Last week I was given some antlers. I set up a fan to cary away the dust and went at it. To my suprise I made a very nice pipe on the first try. My friend saw it and wanted one. I made one for him. He showed it to other friends. So far I have made ten pipes. I do belive I could make a few bucks with this. I am still looking for links or how to information on antler carving antlers and pipe making. However, on the job training works well too.


----------



## CraftyDiva (Aug 26, 2003)

Have you checked "Woodcarving" sites? Seems you'd be using the same type of tools, you might get some help there.


----------



## Wisconsin Ann (Feb 27, 2007)

antler carving is a bit like woodcarving..as to deciding what to carve, how to follow the curves, etc. antler is a great deal harder, so if you use a rotary tool, you'll want to use a better bit The steel bits used for wood work well. polishing is easy. simply buffing with a wheel works well. you can add a carnuba or beeswax for a sealing shine.

If you want more traditional methods of carving, using GOOD quality carving tools, or engraving tools for more detail, work very well. 

i've done buttons and such. they're durable...but brittle under the right conditions. well..the WRONG conditions, if you know what I mean  antler is a good source of food for wild critters, so you'll want to keep the antler products safe. 

for antler carving techniques, try looking for buckskinner sites. or knife handles. lots of antlers get turned in to knife handles.

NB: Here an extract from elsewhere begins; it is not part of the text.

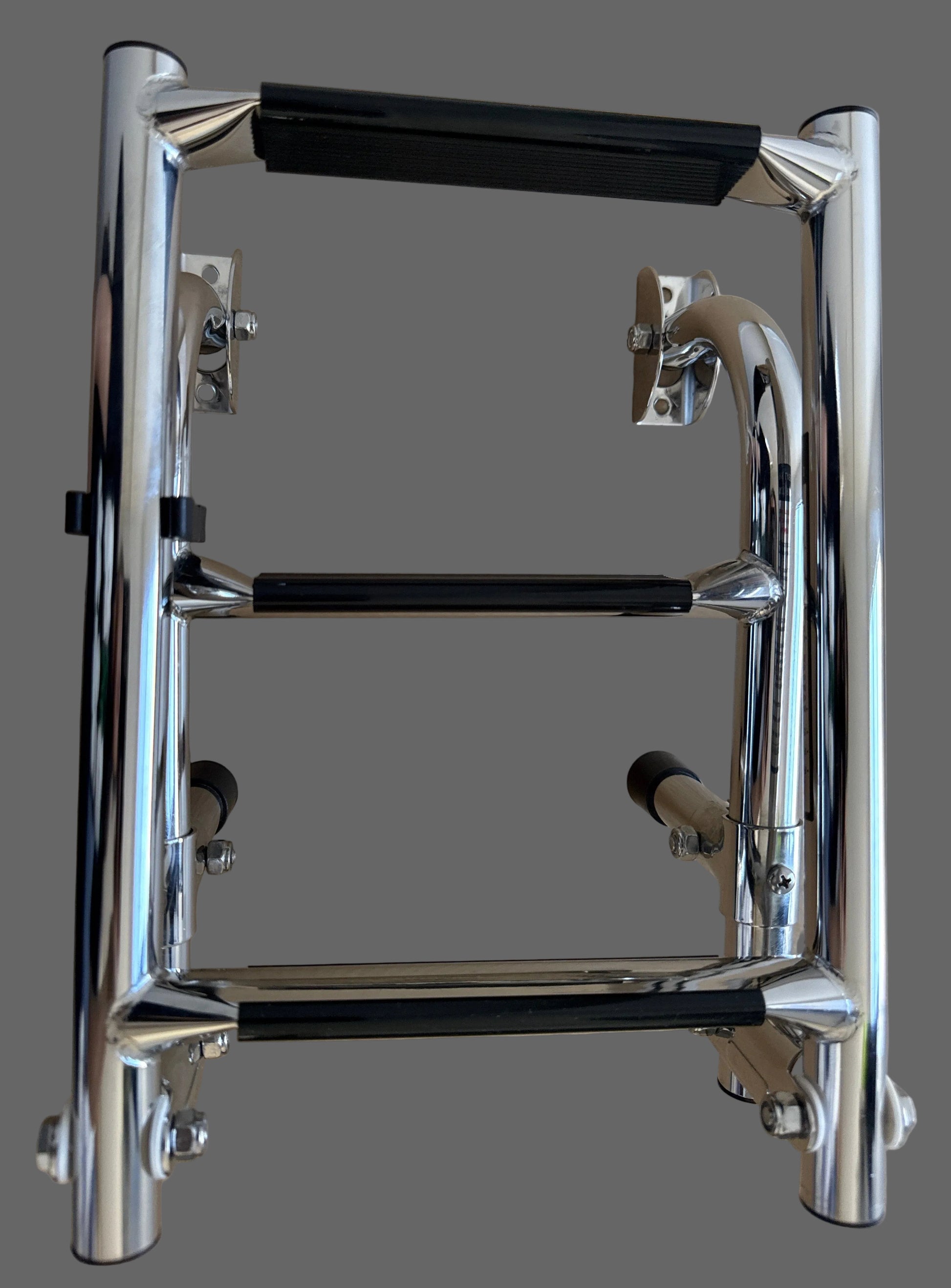• Polished stainless steel 3 step folding boarding ladder. Designed to mount on the transom or horizontal surface.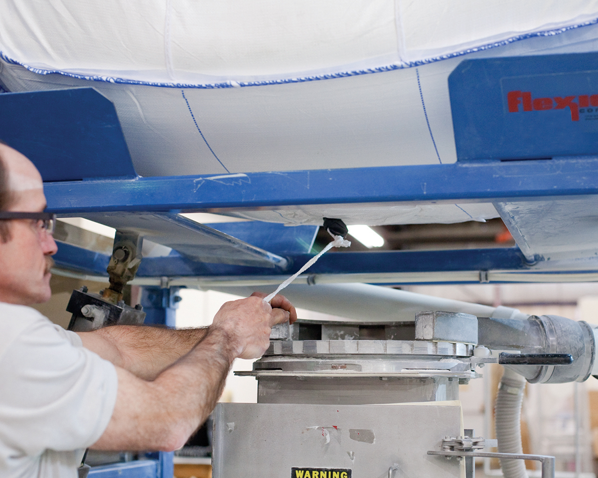 During the 8 to 12-hour continuous run cycle, the blender automatically discharges the blended batch into a 1 cu ft (0.028 cu m) surge hopper that charges the company’s original 15 ft (4.6 m) long flexible screw conveyor (previously used to unload bulk bags) which discharges into the surge hopper of the packaging machine.

as to pipe making. I've seen pipes in a lot of sizes...but they all have a similar inside. place to tamp in the tobacco, and a long small diameter tube going from the tobacco to the mouth. I'd probably follow the way the antler curves for the stem of the pipe. Or cutting off pieces to drill out the stem, then attaching it, like a good chair leg, to the bowl of the pipe. that's often how meershaum pipes are made. (boy, did I massacre the spelling on meershaum). Making a pipe "take downable" would be good for storing or carrying around...the stem wouldn't break off.


----------



## silentcrow (Mar 15, 2005)

http://www.bonecarver.com/

Try the guy on this site. I know him, he's friendly and helpful, and does beautiful work!


----------